A Brief Introduction to Islamic Finance

Islamic Finance is one of the fastest-growing financial sectors in the world. This sector has shown positive prospects despite the global financial crisis that affected all of us. Currently the Islamic finance sector boasts of more than $1 trillion in assets and is growing at a rate of 20% per year. This article provides a brief introduction to what is Islamic Financing and how it is different from conventional finance.

Islamic banking is a banking system followed in Islamic countries, which complies with the principles of Islamic law, namely Shari’ah, and follows the Islamic economics.

In order to be considered Sharia-compliant, the respective financial institution or the financial transaction, must abide by the strict rules laid down by the law. One must note that the rules of finance and trade are a part of the Muslim religion and way of life. In Quran, there are strict principles against usury and uncertainty and that strongly reflects in the Islamic financial system.

Key Principles of Islamic Finance

Riba: This is one of the best-known principles of Islamic Finance. Ruba is an Arabic word, which refers to charging of interest. Sharia forbids charging or paying of interest on loans. According to Sharia, money is not considered a type of asset class, and therefore, it cannot be used to earn money. Instead of charging interest, the Islamic law calls for sharing of profits from a transaction.

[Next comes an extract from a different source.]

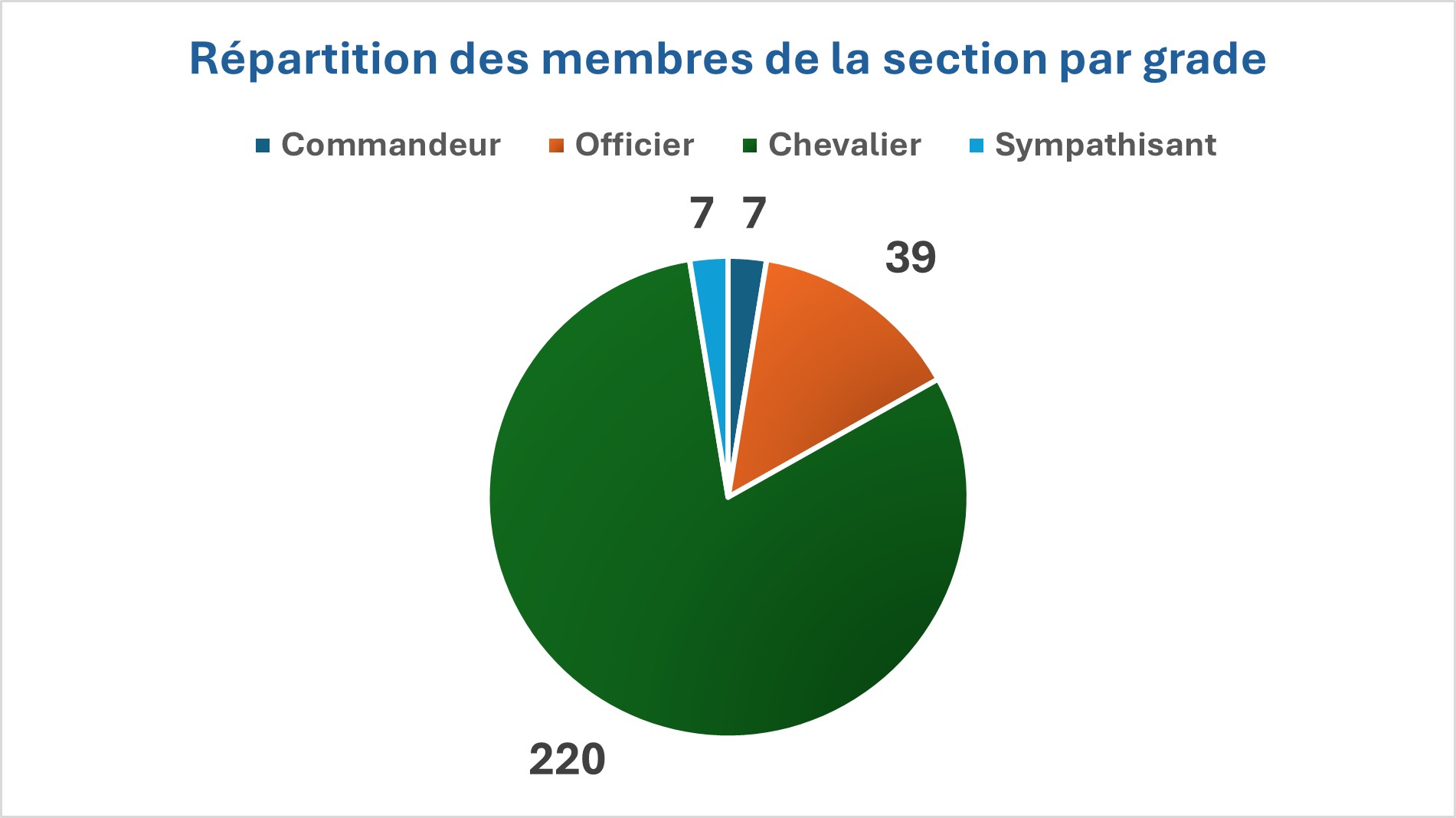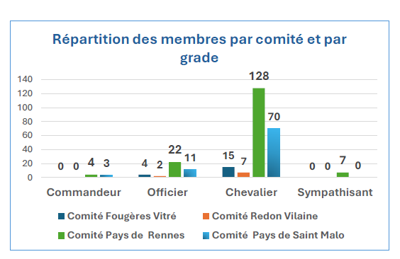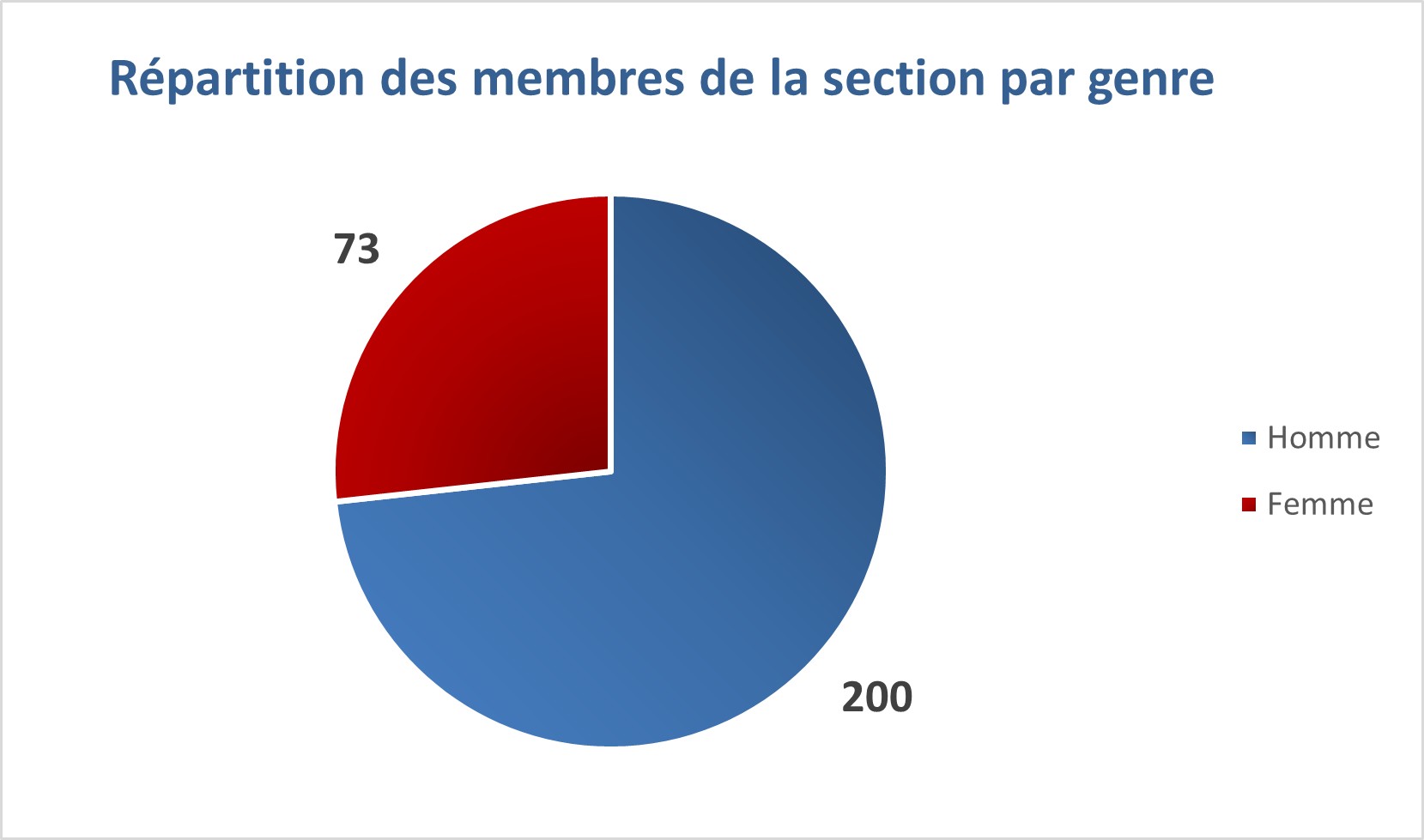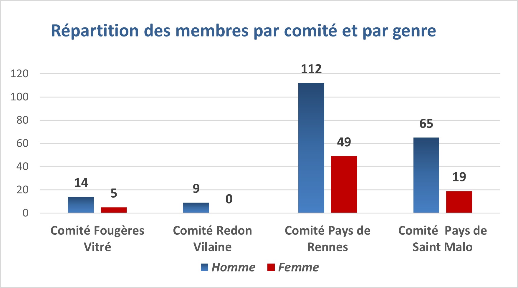 Cette statistique novembre 2025, nous donne la répartition par comités locaux, par grade et par genre des membres

Murabahah: Murabahah, or cost plus, refers to the sale of goods as a price that includes a mutually agreed upon profit margin. The price, costs, and profit margin must be clearly stated upfront to the buyer. The honest declaration of cost incurred and the profit margin added is very important.

Mudharabah: Mudharabah refers to sharing of both profits and losses. This is like an arrangement between an investor and an entrepreneur. If there are losses, the investor bears all the losses. However, the profits are shared based on a pre-determined ratio.

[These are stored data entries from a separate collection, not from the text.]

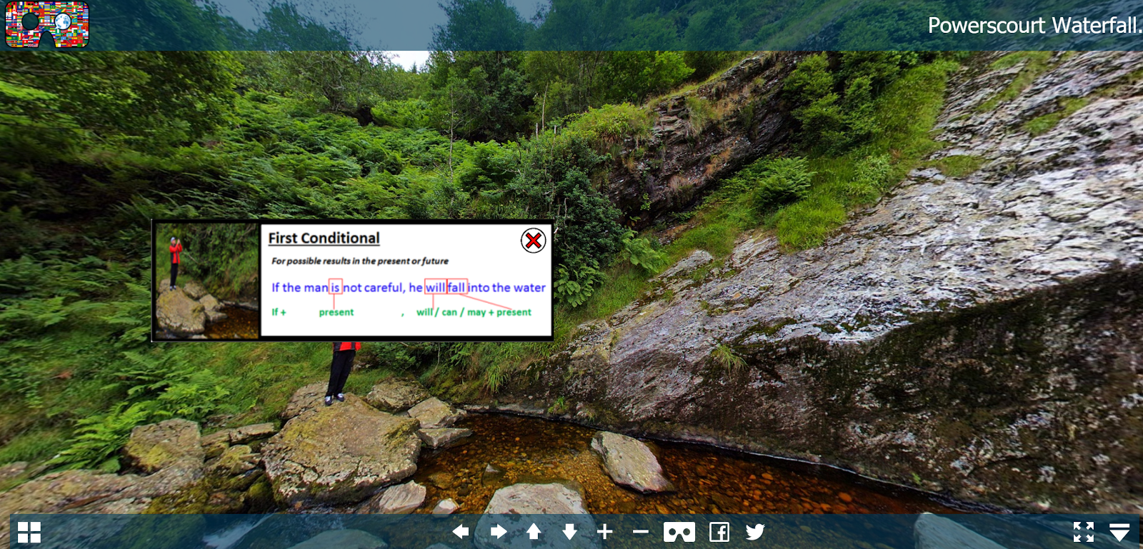 LinguaPracticaVR offers free English lessons in a virtual reality context. LinguaPracticaVR builds short lessons into virtual reality images of places in Ireland and the United Kingdom. For example, in the screenshot below you will see an image of the Powerscourt Waterfall. Within that image there are three short lessons about the words used to describe what is seen in the image.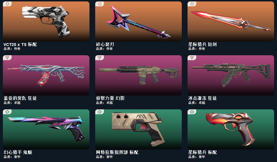 wegame无畏契约★武器皮肤数量:40,碎心裂刃,剥皮小刀,黑波之刃,2025全球冠军赛 蝴蝶刀,星际猎兵 短剑,源始幻刃,西部未来 正义,塑水宗 骇灵,冰点凝冻 狂徒,诛心猎手 冥驹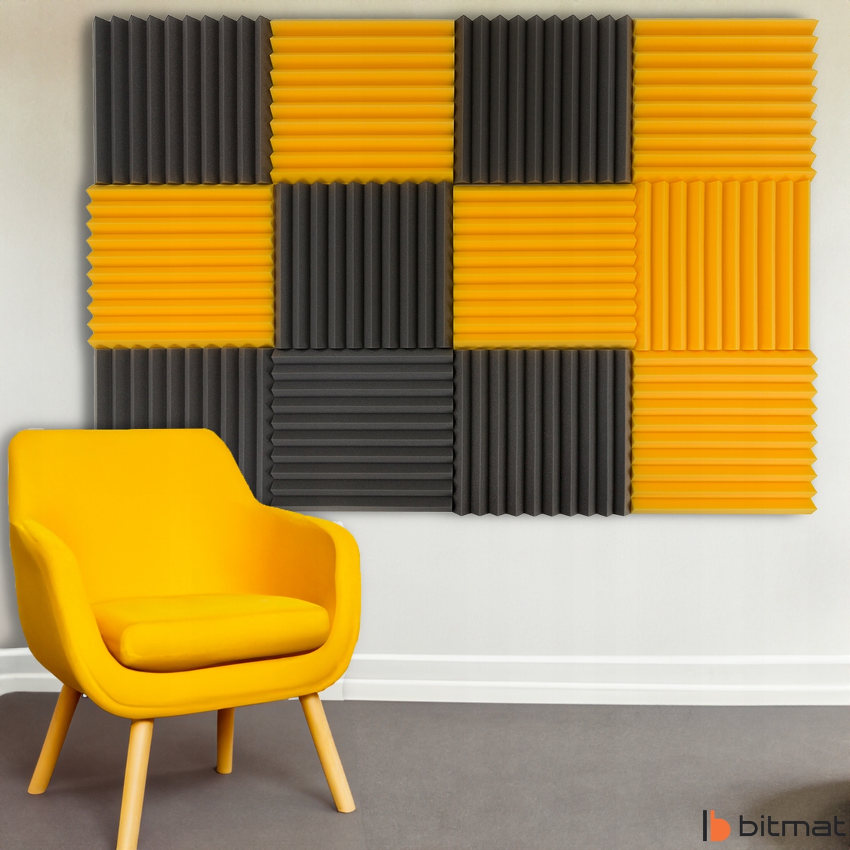 2x клинова акустична панель сірого (графіт) + 2x жовта клинова акустична панель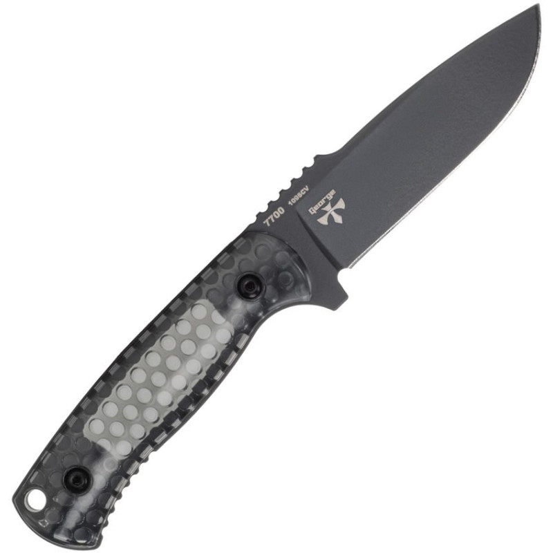 Le KA-BAR 7700 George Cool Name Drop Point est le fruit de la collaboration entre KA-BAR et Les George, vétéran de l'USMC et coutelier primé. Ce couteau à lame fixe moderne allie design tactique et fonctionnalité quotidienne. Sa lame drop point de 108 mm en acier 1095 Cro-Van forgé à partir d'acier brut allemand offre une rétention de tranchant exceptionnelle et une robustesse éprouvée. Le manche en polycarbonate transparent fumé avec texture nid d'abeilles révèle la soie pleine traversante, créant une esthétique unique tout en garantissant une prise ferme dans toutes les conditions. Fabriqué aux États-Unis avec un affûtage plat et une dureté de 56-58 HRC, ce couteau polyvalent excelle dans les tâches tactiques comme dans l'utilisation quotidienne.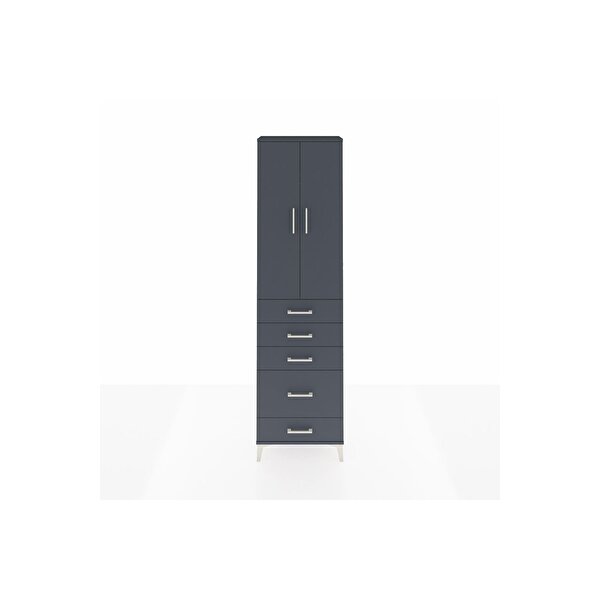 Dienni Mobilya Arges Dolap 2 Raflı 5 Çekmeceli Tek Askılı 60x30x221 Antrasit-antrasit

Gharar: The Sharia laws prohibit gharar, i.e., trading of risk. It prohibits transactions involving uncertainty of payout, or gambling. Tangible and Identifiable Asset: According to Sharia law, any transaction must be backed by a tangible and identifiable asset.

Banned Industries: Islamic finance bans investment in any industry that is banned in Quran. This includes alcohol and brewing, tobacco, weapons and armaments, or pork-based products.